Product Manager at a Startup


What is a Product Manager?

There are many different ways to describe the sole purpose of a PM. Some call it the User’s Champion, The CEO of The Product, The Business’s Visionary, The Strategist, The Connector to Development, etc. If you read 100 job descriptions for a PM, you’ll start to get an understanding of the expectations, but they are usually different from reality.


The Product Manager is a very important role in the company, you are the glue that holds it together and the one who holds the compass to guide the company through the night. First and foremost, you are responsible for being the voice of the User and always keeping their best interests in mind. That being said, it’s one thing to just build features your Users are asking for versus solving their problems with creative solutions leveraging technology.


You are also charged with getting alignment throughout the company in the form of stakeholder meetings and bringing everyone together to achieve a common initiative or goal. To do that, you need to have a strong backbone because as you will learn, it is next to impossible to please everyone at the same time. You will be creating endless proposals and roadmaps to accommodate everyone’s requests while following the vision set by your C-Team (Cheif Executive).


You must also be an expert on your product. Whether you’re just starting out at a new company or you’re building your first product from scratch. Make sure you know every inch of how it actually works, how the sales team is actually selling it, and the workarounds that support is offering your Users. When you do a User interview with an upset User, you should be able to empathize with them, show them your roadmap that you already plan on solving their problem, and provide them with a short-term solution.


Creating & maintaining the roadmap is not an easy feat.
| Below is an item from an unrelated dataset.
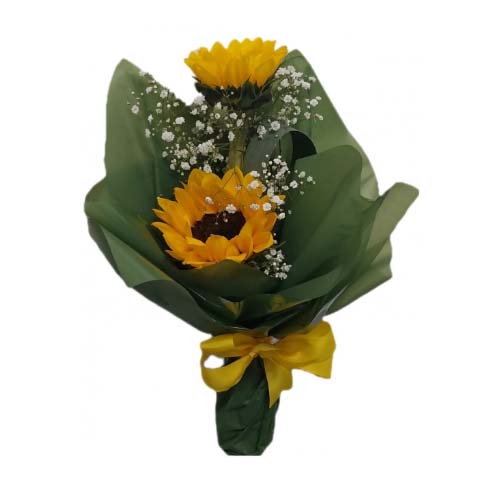 Lindo buque contendo 2 girassois, chuva de prata

You are taking the opinions of all the stakeholders, your User feedback/interviews, competitive research, adoption data, your business plan, development resources & velocity, design capabilities or capacity, and then your instinctive vision and compiling it into a list of features to achieve everything. You will learn that there are much better and more effective ways to do this. There are formulas from Pragmatic, Frameworks from Product School, Templates from Aha, and many other ways.


Some job descriptions ask the PM to be in charge of managing the Development Team. A PM and the Development Manager are supposed to have a healthy tension between them because the PM is trying to build a feature to a 100% of what was spec’d and the Dev Manager is trying to limit the risk and build what their team can handle. If a PM is tasked with both of these roles, he or she will be battling themselves at every Sprint Planning Meeting.


But What Do They Actually Do?

If the product is a success, it was a team effort; if the product fails, it was the PM’s fault.


The reality of the PM life is that you get pulled in a million different directions with 10x more tasks on your to-do list and end up in meetings most of your working days. You're going to be spending a lot of your time collaborating with other team members or departments to either provide your point of view or gather information on theirs.


There are many different ways to form a Product Team, some companies follow Shopify’s model for pizza squads, and some people go with Google’s, or you’re the only PM and running an entire development team. It is always different from one company to another. The structure and size of your team will really change the way you work. For this post, let’s say you’re the only PM and tasked with keeping the entire Development team busy with the help of your Designers.


If this is your first time being a PM, it will be extremely difficult to do this in a 44-hour workweek. In the early morning, you will spend your time looking at your sprint boards, and any new tickets created since you signed off, and then jump into your morning Standups with your team and then join the Dev team’s after. Next, you’ll probably have a management or stakeholder meeting to get input on your progress of the roadmap. During lunch, you’ll take the time to review your adoption metrics and see if you can get any new insights out of your tools, and then you see something that bothers you. There is a big drop in a main workflow’s funnel and you start asking yourself why? That question will stay with you throughout the day until after work when you finally have time to dig deep into the data to see what the cause of the dropoff is.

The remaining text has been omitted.